While family time, big-bird-feasting and long-weekend binge drinking has its plusses, some of us are in serious need of some low-key recharging; and that calls for a good book! We’ve suggested some reads that are easy and great, but will also make you feel a little bit wiser about the world that we live in…or someone’s opinion on it, anyway. Take to the easy chairs, couches, beds or cafés, and enjoy this long weekend by putting some word-juice into your brain.
For the Imagination: Haruki Murakami – After Dark. I suggest this one because it is the quickest read of all Haruki’s books, and if you haven’t tasted him yet it’s a good first-feel of his genuine characters and captivating whirl of real-world with the mystical-fantastic life; both a commentary on media-drone, contemporary society unhinged from emotion, and an accessible look into what it is to be human. It all takes place in one night, chapters by the hour, and follows a young girl through the streets of Tokyo doing just the same – reading, late night, in a Denny’s. Beware – the ‘dark’ part in the title After Dark isn’t just for show. This ain’t no fluffy pony. That said, you also wouldn’t find it on Oprah’s list, so rest assured there’s decent value in his exploration of down-there.
For the Diet: Jonathan Safran Foer – Eating Animals. Of late (as in a mere decade or so), there’s been a lot more talk about the ethics behind our food industry, diets and ideas of health, and in our generation, the meat industry has changed drastically from family farms to factory or industrial farming. Jonathan weaves his own life’s edibles into his fact-finding mission, in an effort to make sense of the whole vegetarian deal. If you think about food, or consider “you are what you eat” to be of value, then his book is a pretty-friendly, mostly unbiased perspective on the current state of farming and what it means to choose what you eat.

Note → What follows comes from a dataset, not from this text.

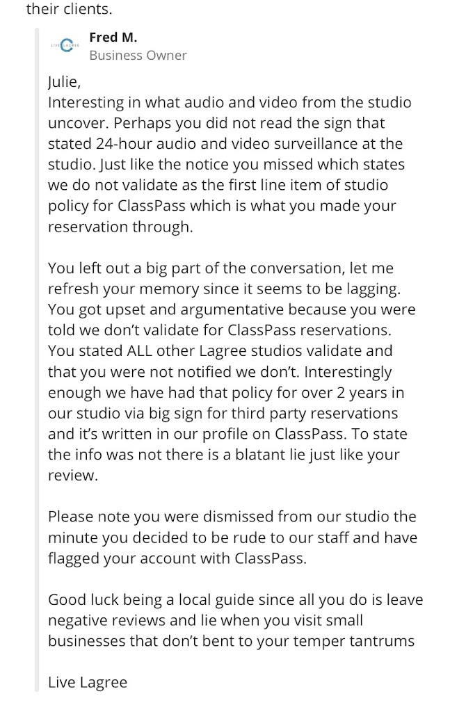 There are many other Lagree studios that handle clients with professionalism and care; Iβd recommend supporting those instead.

For the Ingenuity: Ian McEwan – Amsterdam. It’s about euthanasia; it’s about composing an orchestra; it’s about the orchestra of life and the opportunity to choose an earlier fate-line in the face of loosing face. By far the most impacting and substantially beautiful quick read, rooted in a slice of life so easy to love – the banter and bond between two older men – that just begs to praised. I’ll leave it at that, because Amsterdam is enough to kick the brainwaves into action and get haughty life-lust chugging even through the weekend rain.